BEIJING (AP) -- The executive chairman of U.S.-based Google, one of the world's largest Internet companies, was traveling Monday to North Korea, a nation with notoriously restrictive online policies.
Eric Schmidt, the most high profile U.S. business executive to visit North Korea since young leader Kim Jong Un took power a year ago, was in Beijing and scheduled to depart for Pyongyang aboard a commercial Air China flight.
Leading the delegation was former New Mexico Gov. Bill Richardson, who has traveled more than a half-dozen times to North Korea over the past 20 years. Richardson called the trip a private, humanitarian mission.
"This is not a Google trip, but I'm sure he's interested in some of the economic issues there, the social media aspect.
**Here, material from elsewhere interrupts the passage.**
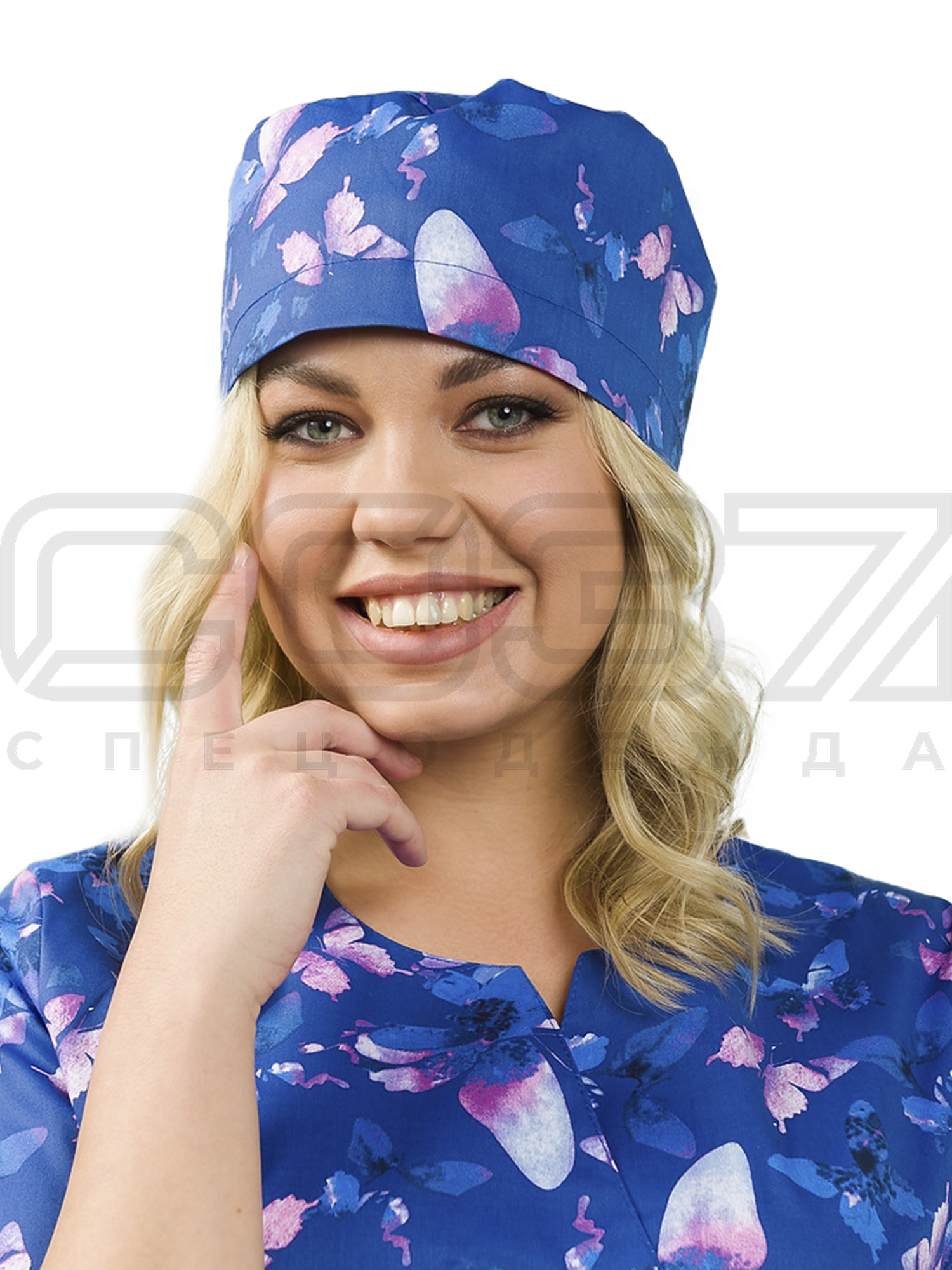 Колпак медицинский на резинке ИМ603(ST11) цв.синий/рисунок тк.стрейч в Перми

So this is why we are teamed up on this," Richardson said without elaborating on what he meant by the "social media aspect."
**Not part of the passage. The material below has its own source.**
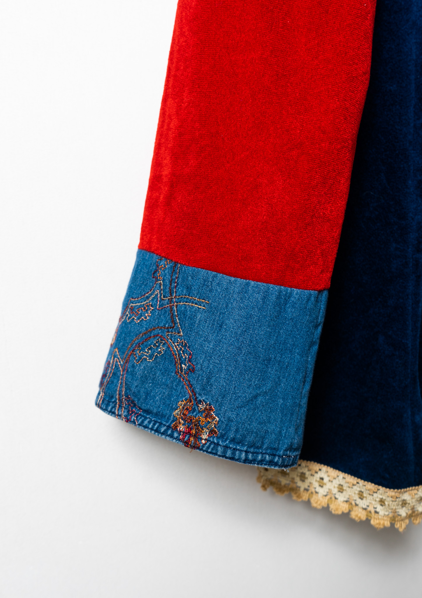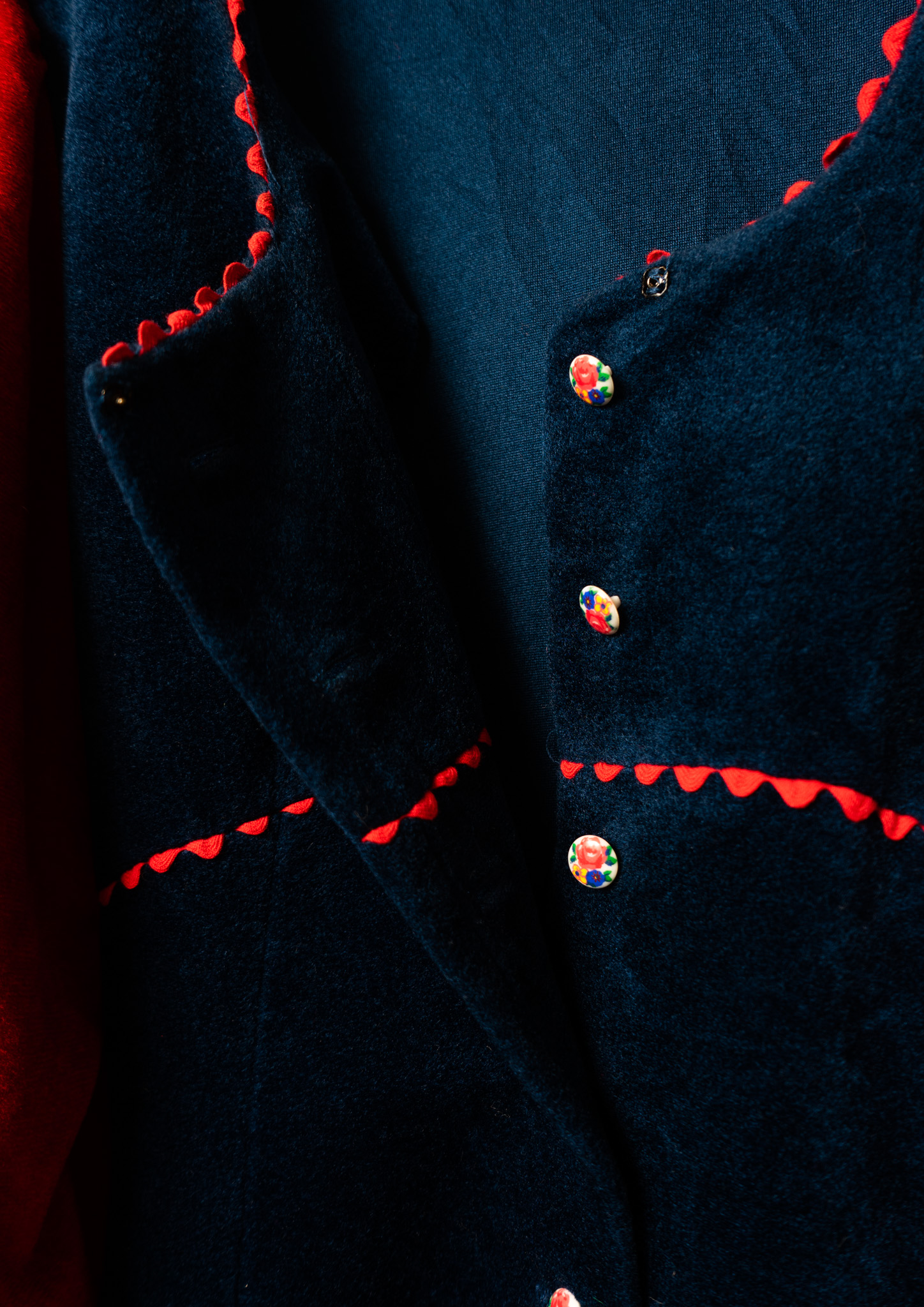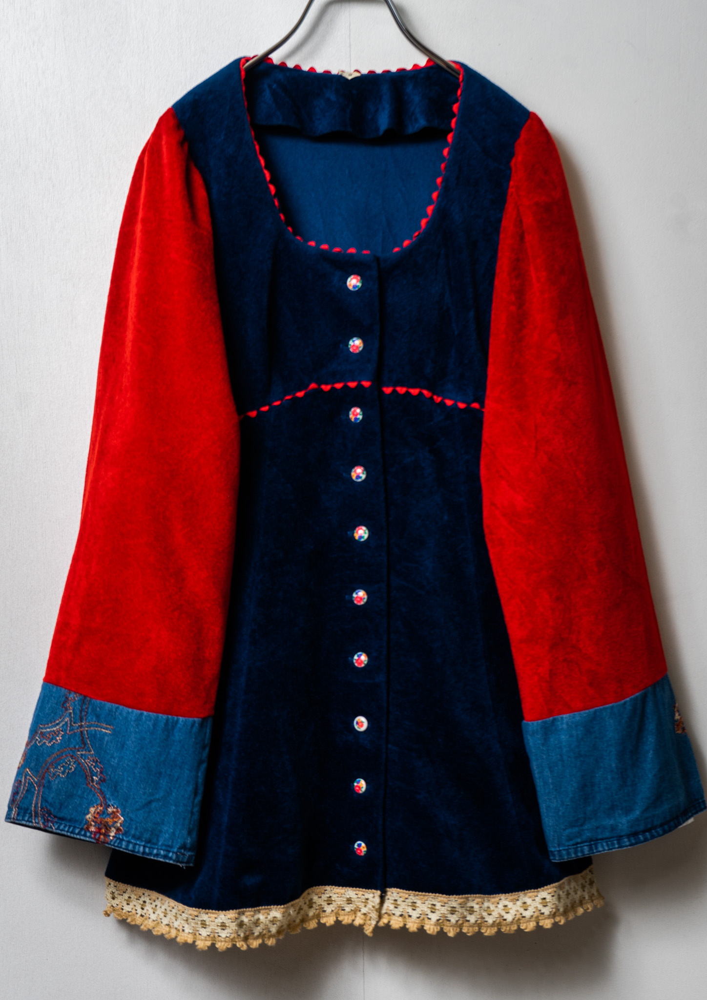 60~70's USA Flower Button Design Red ×Blue Pattern Tops

"We'll meet with North Korean political leaders. We'll meet with North Korean economic leaders, military. We'll visit some universities. We don't control the visit. They will let us know what the schedule is when we get there," he said.
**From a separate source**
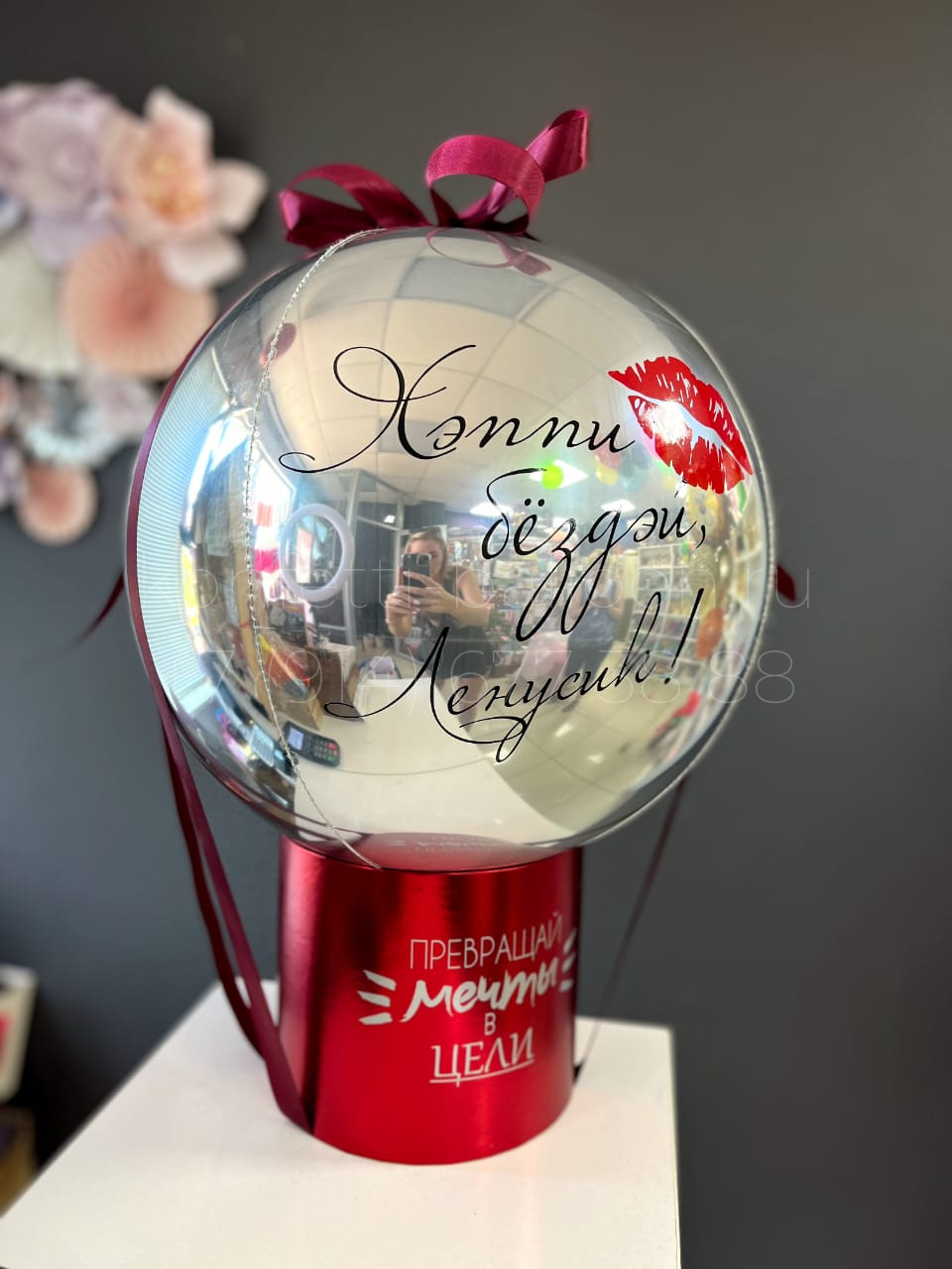 Баблобокс с фольгированной 3d сферой 45-50 см с индивидуальной надписью

Richardson also said the delegation plans to inquire about a Korean-American U.S. citizen detained in North Korea.
"We're going to try to inquire the status, see if we can see him, possibly lay the groundwork for him coming home," Richardson said. "I heard from his son who lives in Washington state, who asked me to bring him back. I doubt we can do it on this trip."
The four-day trip, which is taking place just weeks after North Korea fired a satellite into space using a long-range rocket, has drawn criticism from U.S. officials. Washington condemned the Dec. 12 launch, which it considers a test of ballistic missile technology, as a violation of U.N. Security Council resolutions barring Pyongyang from developing its nuclear and missile programs. The Security Council is deliberating whether to take further action.
"We don't think the timing of the visit is helpful, and they are well aware of our views," U.S. State Department spokeswoman Victoria Nuland told reporters last week.
The trip was planned well before North Korea announced its plans to send a satellite into space, two people with knowledge of the delegation's plans told The Associated Press. AP first reported the group's plans last Thursday. Schmidt, a staunch proponent of Internet connectivity and openness, is expected to make a donation during the visit, members of the delegation told AP. They asked not to be named, saying the trip was a private visit.